FIELD OF THE INVENTION
[0002] The invention relates to a horological resonator comprising
at least one inertia mobile component for a horological resonator,
arranged so as to oscillate about an axis of oscillation and
comprising at least one magnetic area, which magnetic area
comprises at least one magnet or at least one magnetised
ferromagnetic area, and comprising return means for maintaining the
oscillation of the at least one inertia mobile component.
[0003] The invention further relates to a horological movement
comprising powering and/or energy storage means arranged so as to
power at least one such resonator, comprised in the movement, and
an escapement mechanism comprising at least one escape wheel set
arranged so as to engage, with interaction, with the at least one
inertia mobile component of the resonator.
[0004] The invention further relates to a timepiece, in particular
a watch, comprising at least one such movement.
[0005] The invention relates to the field of horological
mechanisms, and more specifically horological resonators, of the
magnetic type, or at least one part of the running thereof is based
on magnetic attraction and/or repulsion, and in particular
comprising magnets.
BACKGROUND OF THE INVENTION
[0006] Certain mechanical resonators used in horology bear
magnets.
[0007] Examples include the Clifford-type mechanisms, known from
the documents FR1113932, FR2132162 and U.S. Pat. No. 2,946,183, or
the direct synchronisation resonators of the SWATCH GROUP, known
from the documents EP2887156 and EP3316046. In these oscillators,
the use of magnets on the resonator allows for direct
synchronisation, without frictional contact, between the resonator
and the escape wheel. The absence of any pallet-lever between the
escape wheel and the resonator, in addition to the absence of
frictional contact, procure the advantage of high efficiency.

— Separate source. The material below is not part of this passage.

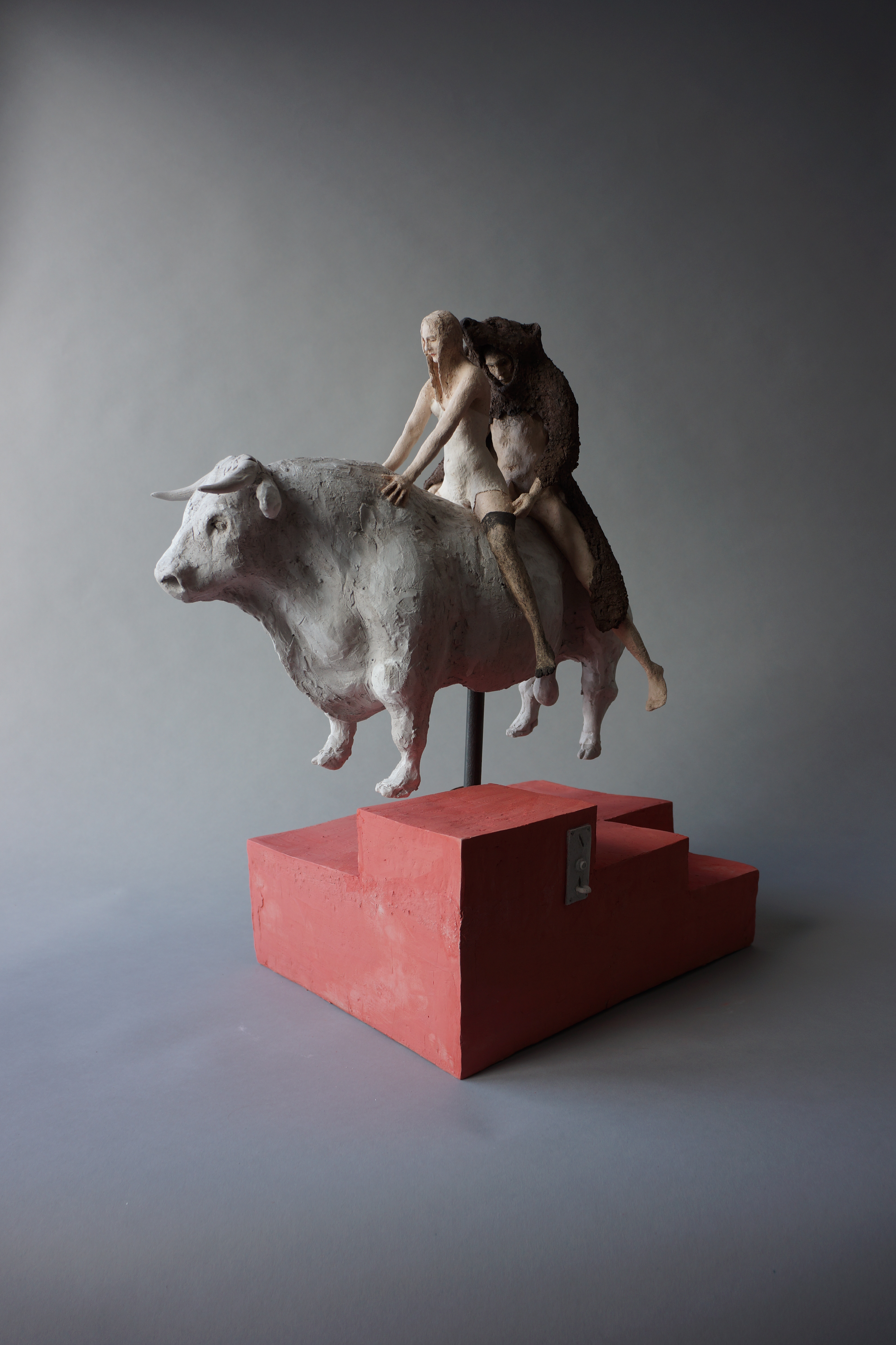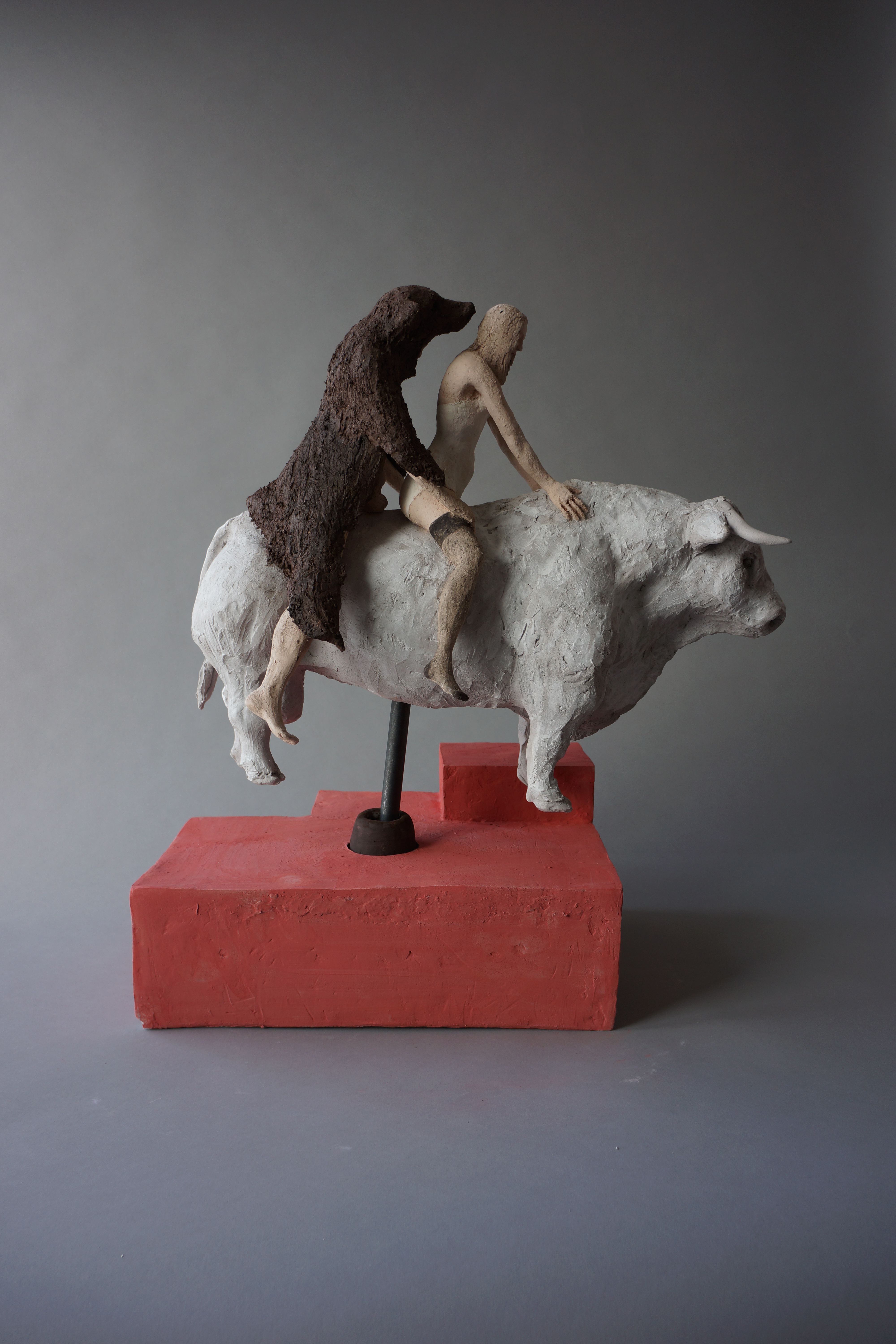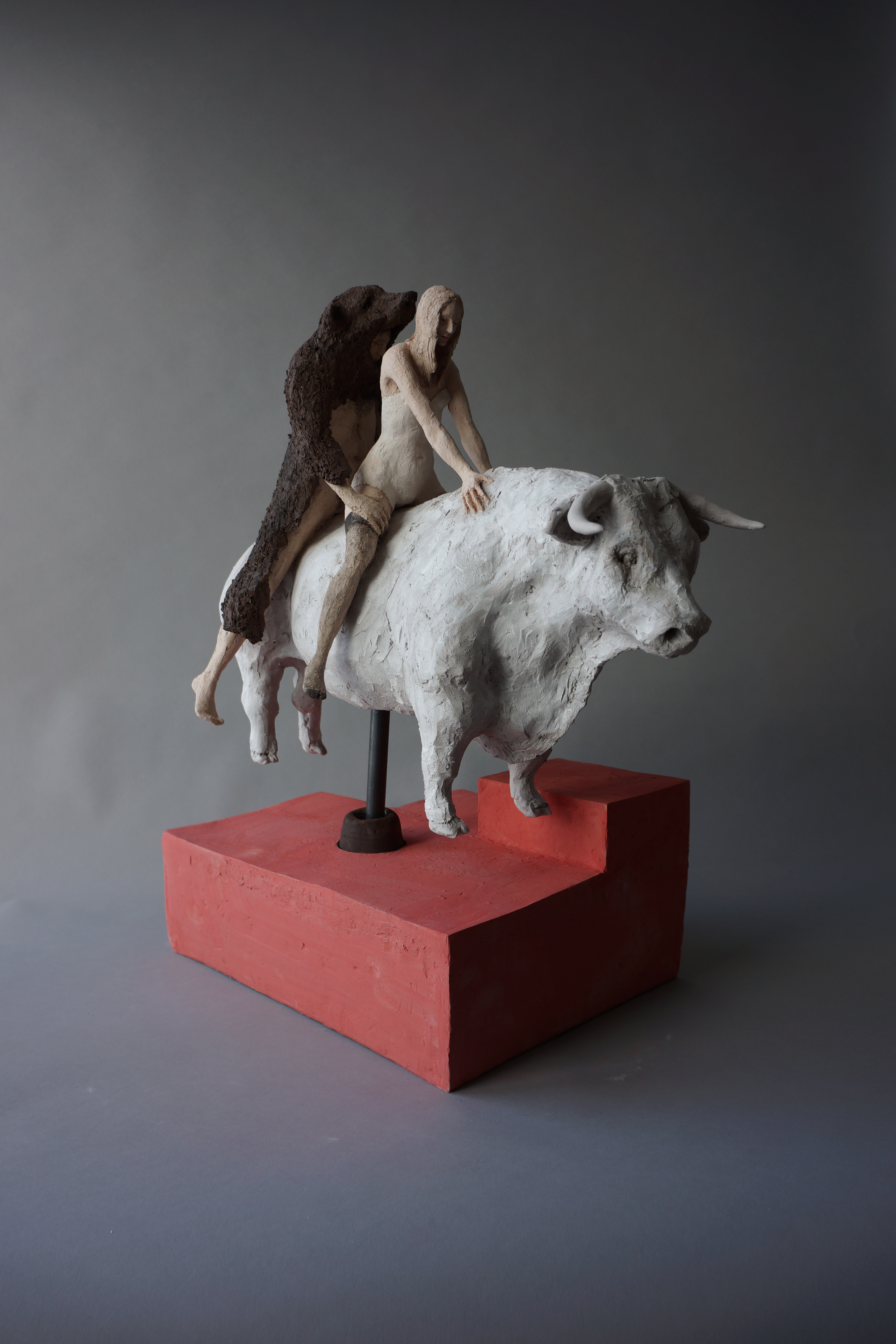 Europa and the bull, 2012 42 x 26 x 53 cm Stoneware, engobe, pigments, oxides, metal rod, epoxy adhesive

[0008] However, the magnets carried by the balance can be affected
by the presence of external magnetic fields. The perturbation
resulting therefrom, although low, can result in a variation of
daily rate.
[0009] The document EP3273309A1 filed by Montres Breguet discloses
a horological oscillator comprising a sprung balance assembly
comprising a balance with a felloe, which is returned by a balance
spring, pivoted with respect to a structure, on a first side by a
torsion wire, fixed by an anchoring element to the structure, and
on a second side, opposite to the first side, by a contactless
magnetic pivot, the balance comprising a first pole embedded with
the balance and the torsion wire, this first pole having a symmetry
with respect to the axis of the sprung balance assembly, and
cooperating with a second pole comprised in the structure, for the
magnetic suspension of the first pole, and to exert on the distal
end of the torsion wire, opposite to this anchoring element, a
magnetic force for tensioning the torsion wire.
[0010] Document EP2891930A2 filed by The Swatch Group Research
& Development Ltd discloses a device for regulating the
relative angular speed between a magnetic structure and a resonator
magnetically coupled to each other and forming an oscillator which
defines a magnetic escapement. The magnetic structure includes at
least one annular path formed of a magnetic material of which one
physical parameter is correlated to the magnetic potential energy
of the oscillator, the magnetic material being arranged along the
annular path so that this physical parameter varies angularly in a
periodic manner. The annular path includes, in each angular period,
an area of accumulation of magnetic potential energy in the
oscillator, radially adjacent to an impulse area. The magnetic
material, in each accumulation area, is arranged so that the
physical parameter of this magnetic material gradually increases
angularly or gradually decreases angularly.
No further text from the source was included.